Aku agak menjauhinya seketika
karena kukira dia mabuk. Tapi sesungguhnya hal itu disebabkan aku tidak
terbiasa beramah-ramah dengan seorang pria asing yang belum kukenal benar.
"Terima kasih", kataku
berusaha menjawabnya.
"Dada anda bagus
sekali", katanya sambil menatap dalam-dalam ke arah belahan dada gaunku.
Dia diam sejenak. Kemudian dia mulai
memperhatikanku secara khusus. Kelihatannya dia sedang menilaiku. Aku dapat
membacanya dari senyumnya yang tersembunyi. Apabila waktu yang lalu ada seorang
laki-laki yang memandang diriku secara demikian maka suamiku mungkin akan
segera mengirimkan bogem mentah kepadanya.
Aku pun kemudian mulai memperhatikan penampilannya. Aku berpikir apakah dia
laki-laki yang akan meniduriku nanti? Tidak begitu jelek juga, pikirku. Tinggi
badannya kira-kira 170 cm, dengan bahu yang bidang dan wajah yang ramah menarik.
Aku berpikir rupanya dalam club ini untuk dapat tidur dengan seorang wanita
tidak berbeda bagaikan akan membeli seekor sapi saja.
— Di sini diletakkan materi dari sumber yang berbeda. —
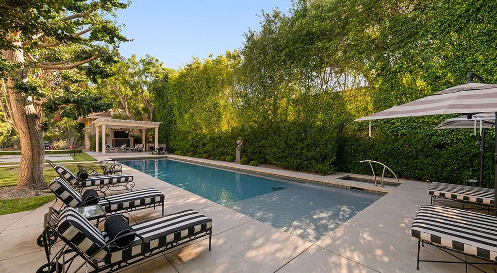 Outside, the grounds extend the narrative of leisurely luxury. A rectangular swimming pool with a Baja shelf sits beside a fireside cabana, while herb gardens, mature trees, and manicured lawns introduce an organic softness to the architectural symmetry of the property. A built-in outdoor kitchen and generous dining terrace encourage long afternoons under the open sky. The pickleball court adds a modern lifestyle amenity, and a separate guesthouse—complete with its own kitchen—sits above the three-car garage, offering an ideal retreat for extended family or long-term guests.

Namun secara tidak
disadari aku menyukai juga ucapannya itu terutama datangnya dari seorang pria
yang tidak aku kenal dan di hadapan suamiku.
Kuharap dia dengar kata-kata
itu. Kata-kata itu ditujukan kepadaku, bukan kepada istri Priyono. Ya, pada saat itu aku merasa
agak melambung juga walaupun hanya sedikit.
Aku segera menghabiskan minumanku. Aku memang selalu berbuat itu, akan tetapi
rupanya dia mengartikannya lain bahwa aku ingin segera memulai sesuatu.
"Jangan terburu-buru!"
katanya.
"Kita belum lagi tahu
cottage mana yang akan anda tempati", katanya sambil menambah minumanku.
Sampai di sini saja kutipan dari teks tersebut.